Area bowling teams have had no choice but to participate as clubs, but they say enough is enough. They want to be recognized by the Nebraska School Athletic Association as a sanctioned sport and participate for their school.
The NSAA requires any proposal to go through three stages. Introduced in a November meeting, then further debated in a January meeting, before being ratified in an April representative assembly.
The sport made an attempt three years ago, but Butch Hogan said he was bowled over by Athletic Directors not willing to back it.
"We follow all NSAA rules now, anything that changes, we make changes with them. We're something that's already in place that won't need a lot of policing in the school systems once it gets approved and into the schools," said Hogan.

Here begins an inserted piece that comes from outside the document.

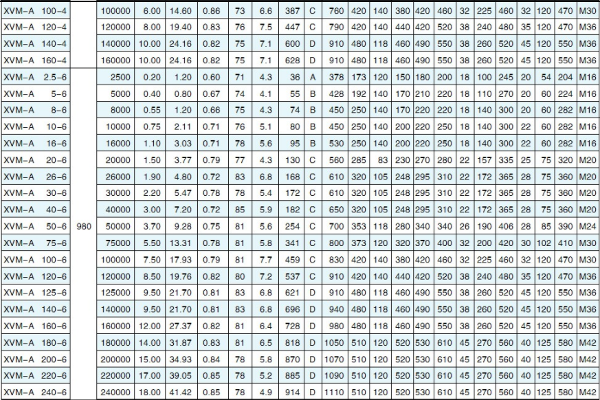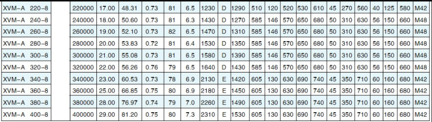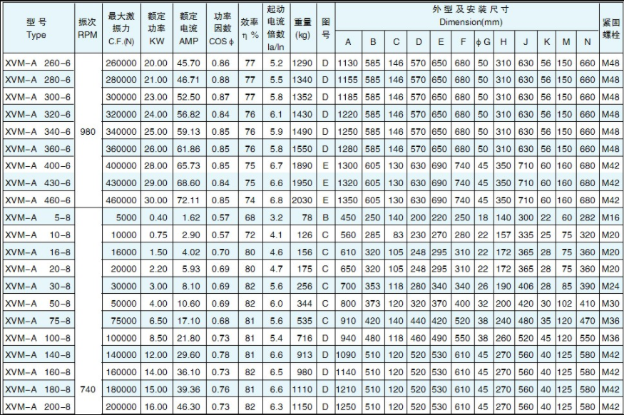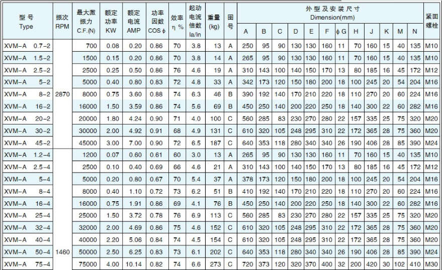 Technical Parameters of XVM-A Series Vibration Motors:

N-S-A-A Assistant Sirector Jim Angele said the only way for bowling to be recognized is for an athletic director to introduce legislation in the November meetings. No one did. So the sport and it's players, will have to wait.
St. Cecelia Senior Kaley Hodgen won't see her team compete in sanctioned state tournaments, no matter how many pins she drops.

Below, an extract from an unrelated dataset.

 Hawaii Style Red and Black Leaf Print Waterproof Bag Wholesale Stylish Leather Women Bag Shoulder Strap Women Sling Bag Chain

She said she's taking the circumstances in stride.
"None of us are extremely good bowlers, so it's mostly just for fun," she said.
I think it should be recognzied to reward the kids, they're working hard. It's something they can do for the rest of their lives you can't always play football, you can't always play basketball but you can always bowl," said Joe Vanderpall, head coach of the St. Cecelia's Mens team.
But Hogan, the owner of Pastime Lanes, who provide a place to bowl and practice for area teams like Hastings, St. Cecelia and Adams Central, said they are gearing up for another run.
And Athletic Directors around Central Nebraska, he said, have pledged their allegaince.